Clearly if the Guardian can monetize its community effectively then it may be possible to get millions of people to subscribe to its values and buy into aspects of its content feed. Andrew Miller showed a picture of C P Scott and laid tributes before the lares and penates of great journalism, as indeed he should (and neither he nor I care that Edward Snowden appears to be a right wing Republican with a wholly eighteenth century view of the rights of the individual). However, if you have large populations of like-minded people with a strong community ethic then you can create – Guardian (Eye)witness. I well remember, while chairing Fish4, the frustration of the regional press competing with Mr Miller as he distributed free AutoTrader software to every used car dealer, enabling them to organize their inventory and upload easily – to AutoTrader. As a Guardian Member will I get the equivalent, thus broadening the scope (and reducing the cost?) of Great Journalism. Too early to say it yet, perhaps ? The editors would be talking quality control and the journos would be talking to the National Union of Journalists, but…

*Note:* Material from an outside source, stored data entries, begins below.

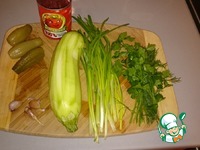 Наши ингредиенты для начинки. С цукини снял кожуру. Огурцы маринованные собственного изготовления из парника тестя. |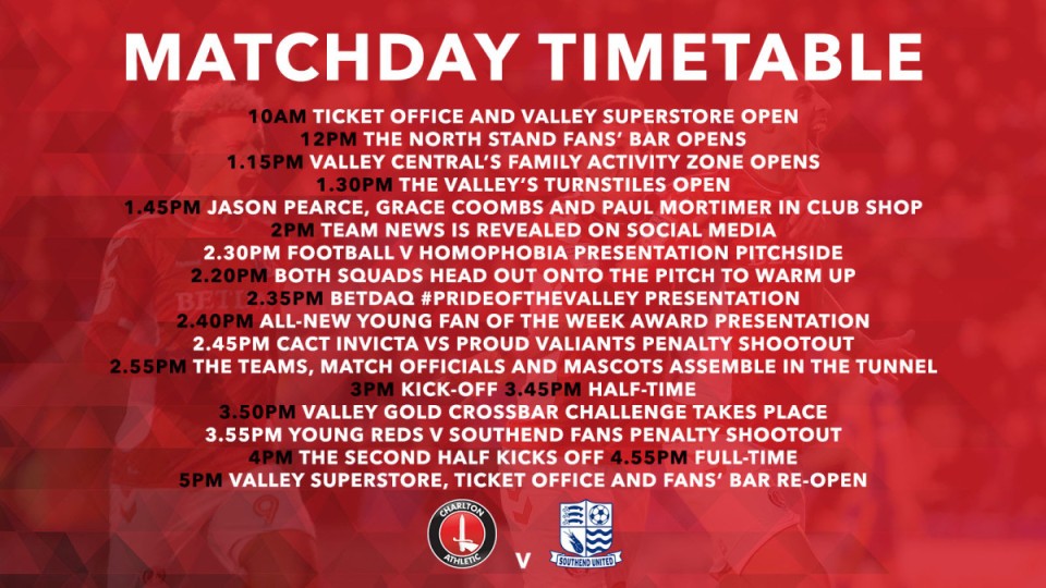 Fans are also advised to arrive at The Valley in good time, and to plan their journeys in advance, in order to avoid long queues when buying tickets and entering the ground. Searches will be taking place at the turnstiles due to heightened security in the capital at this time.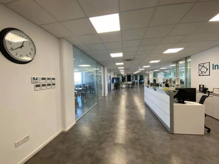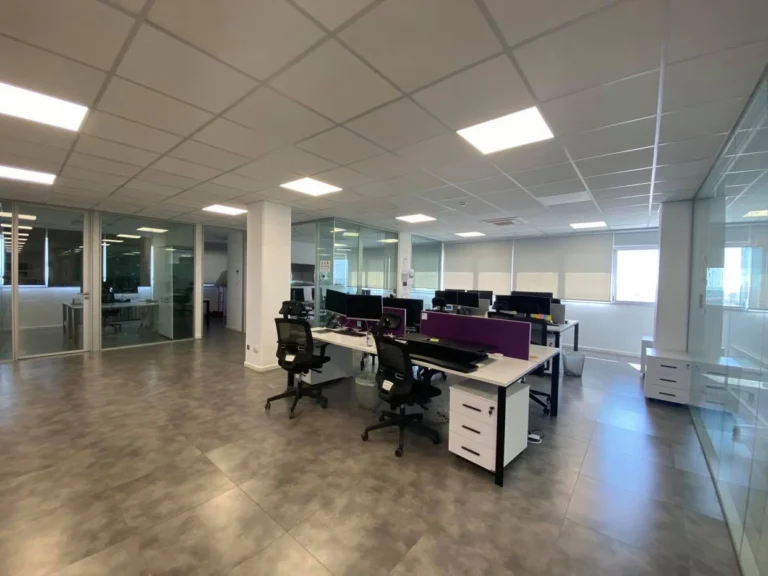 Office for rent on Griva Digeni street, Agios Nikolaos district. The office is newly renovated, bright and spacious open area, kitchen, 7 toilets, 7 separate offices and a separate bathroom with shower. There is a Parking space, located next to a developed infrastructure. The photo shows an example of how the design will look like. The office will have 5 kW solar panels on the roof.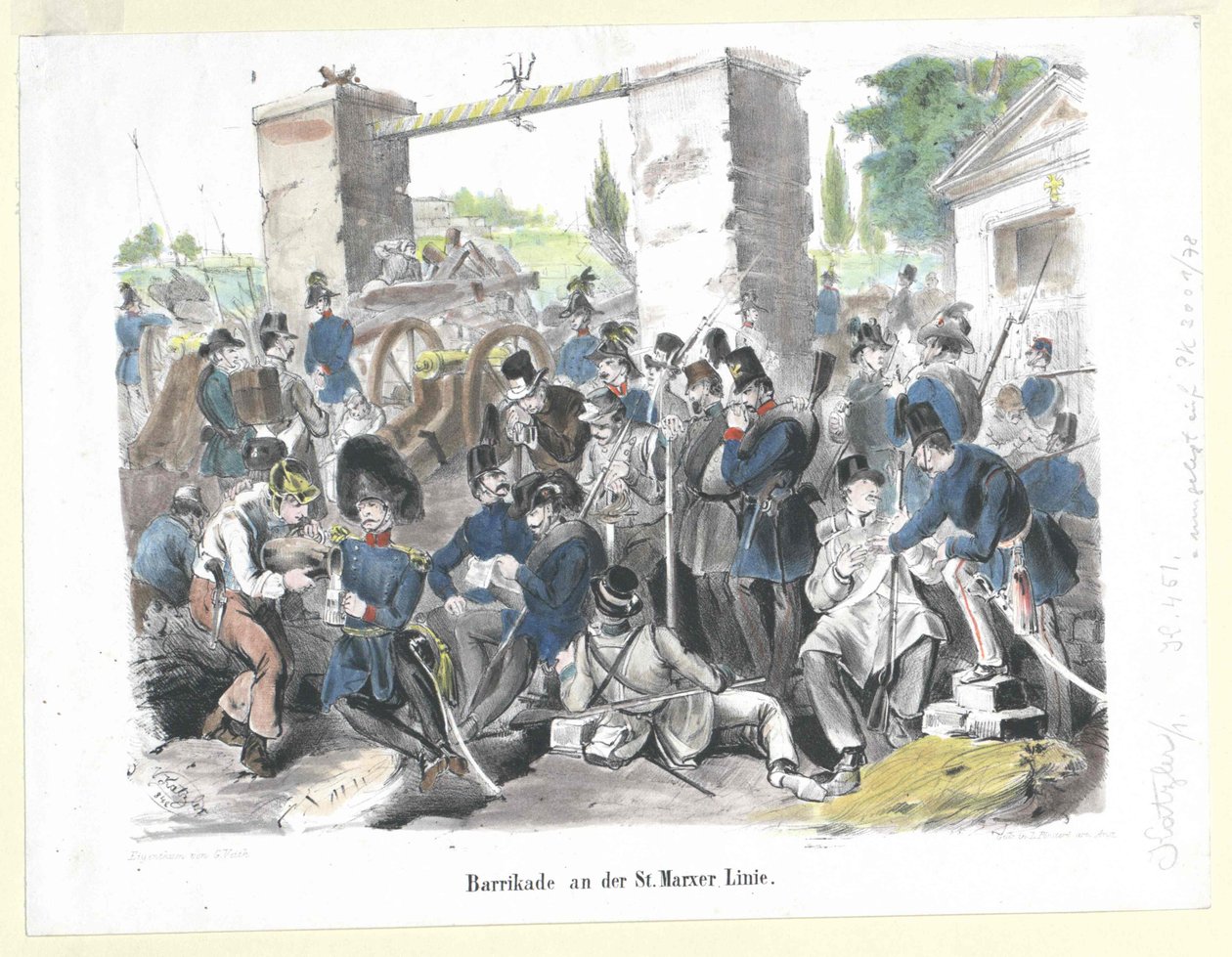 Barricade at the St. Marx Line(Barricade at the St. Marx line)Artist Unknown |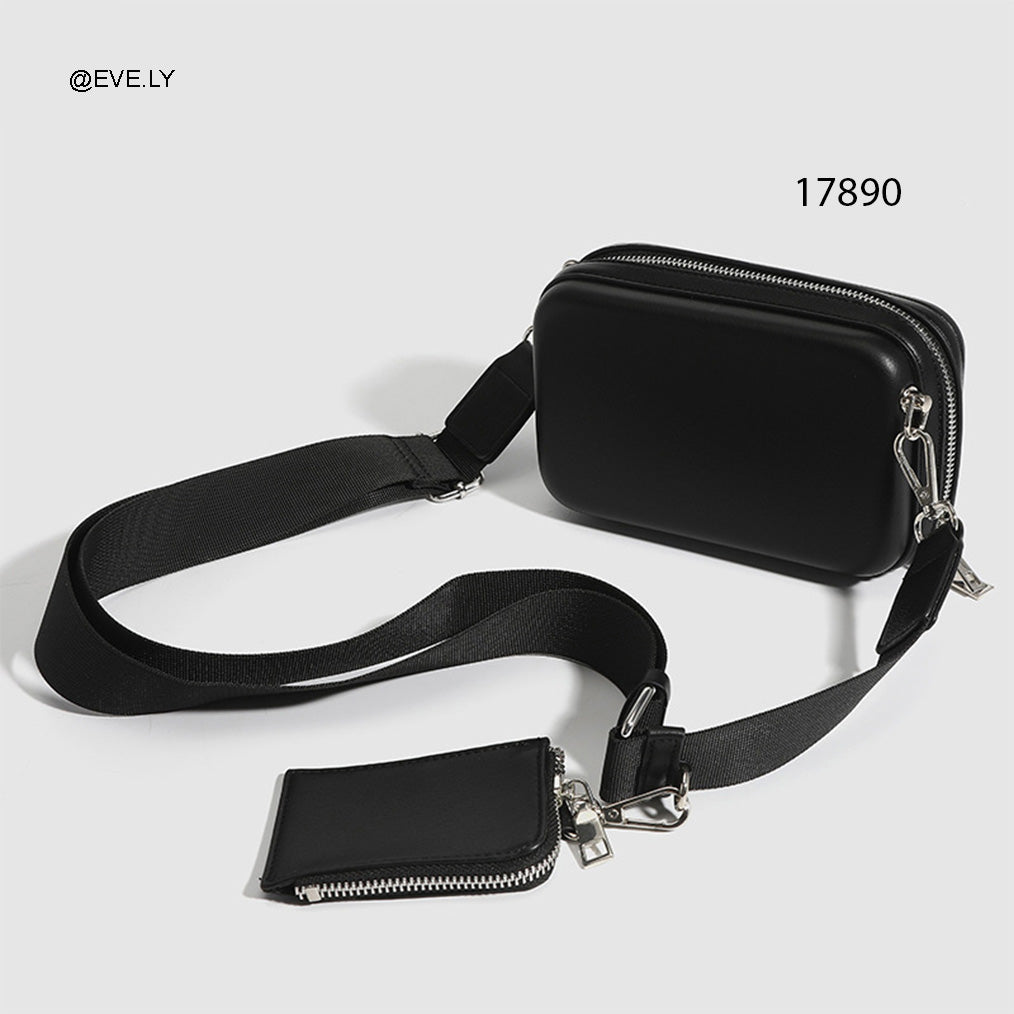 تصميم مستطيل صغير بهيكل شبه صلب يعطي شكل مرتب ويحافظ على تنظيم المحتوى داخل الحقيبة.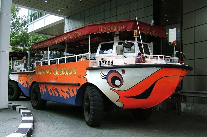 “鴨子船”極受游客歡迎,香港人愛(ài)把乘“鴨子船”沿新加坡河的觀光稱為“游車河”,在新達(dá)城乘坐鴨子船,陸地將經(jīng)過(guò)世界大戰(zhàn)紀(jì)念碑,在水上欣賞薛爾思橋及魚(yú)尾獅的噴水景觀。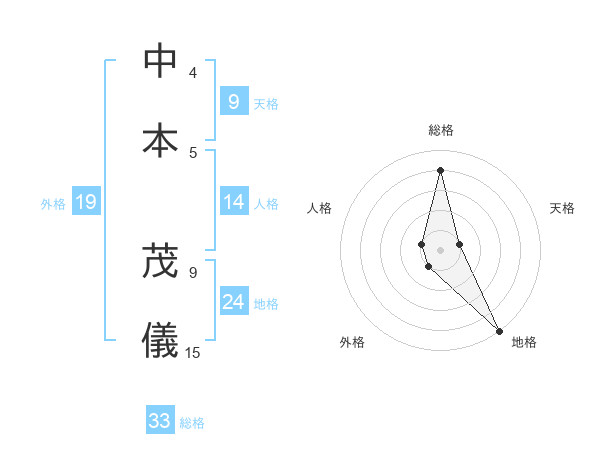 中本 茂儀さんを姓名の画数から五運を鑑定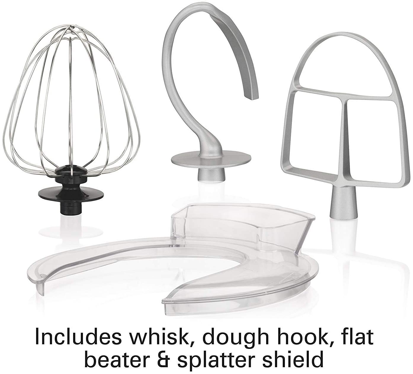 Hamilton Beach Electric Stand Mixer, 4 Quart Stainless Bowl, 7 Speeds, Tilt-Head, Dough Hook, Whisk and Flat Beater, Splash Guard, 300 Watts, Black (63390)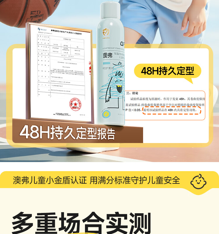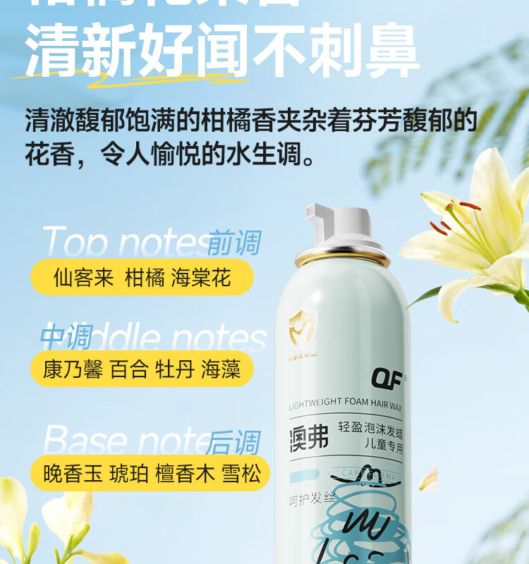 OF轻盈泡沫发蜡儿童卷直发型专用保湿定型服帖持久立体层次上镜打理 200ml*1瓶【小金盾认证】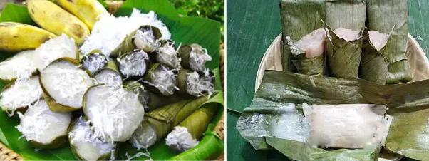 4.糯米椰糕(Kha Nom Kluay):这是一道拨开蕉叶后还带着淡紫色的糕点,主要材料是香蕉,掰开糕点,可以看到里面塞着椰丝,味道很香。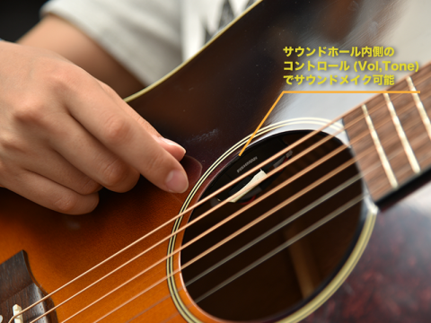 また、「Fishman Sonitone」ピックアップを搭載しており、アンプへの出力も可能です。サウンドホール内のコントロールから手軽にサウンドメイクができます。

But at least we are all talking now. As a digital participant from 1980 and an internet – watcher from 1993, I am interested by how much of the industry response was fear and loathing. Hearst, at this conference a great example of digital thinking, spent the early years of the internet buying medical databases and B2B applications. Brilliant purchases, but what did they say about management’s view of their existing media futures? In the same terms, DMGT has turned itself in these time periods from being a newspaper company into a B2B player. No harm in that, but could earlier action have preserved the original structures. Or maybe the media is best re-invented not by its current practitioners but buy complete outsiders – great examples in this conference from Buzzfeed and from Business Insider? And then, what do we make of what seems to be a very European trend at present – letting the staff who know the markets create and test the ideas for recreating media and beyond media services.

I had heard a little about Sanoma’s regenerative Accelerator programmes before, and so was full of anticipation when Lassi Kurkijarvi covered the stage with energy and enthusiasm. With both internal and external venture activity he had a lot to cover. It is now fairly common for media players to invest in start-ups and develop incubators (Reed Elsevier have been venture capital investors for a decade; Holtzbrinck have their seed corn funding and efforts like Macmillan Digital Science and Digital Education; Gruner und Jahr spoke of their activities here) but getting 150 employees into a boot camp and encouraging ideation? Only for the Finns? Not at all, said Lassi. Here was a a planned process of open innovation starting with a mass kick off meeting, a webinar-based process, staff making quick pitches to get support for ideas, an initial selection of 20, crowd sourced selection of 5 for a boot camp experience and the result is 3 ideas which the company is now developing. So look out for Spot-a-shop, Huge or ClipScool – they did not come from Silicon Valley or Tech City, Old Street, but they may be none the less valuable as they express the knowledge of customers built up within a diversified media conglomerate like Sanoma.

So what does this mean? That media corporations can be regenerated from within? What would we have given to know that in 1993!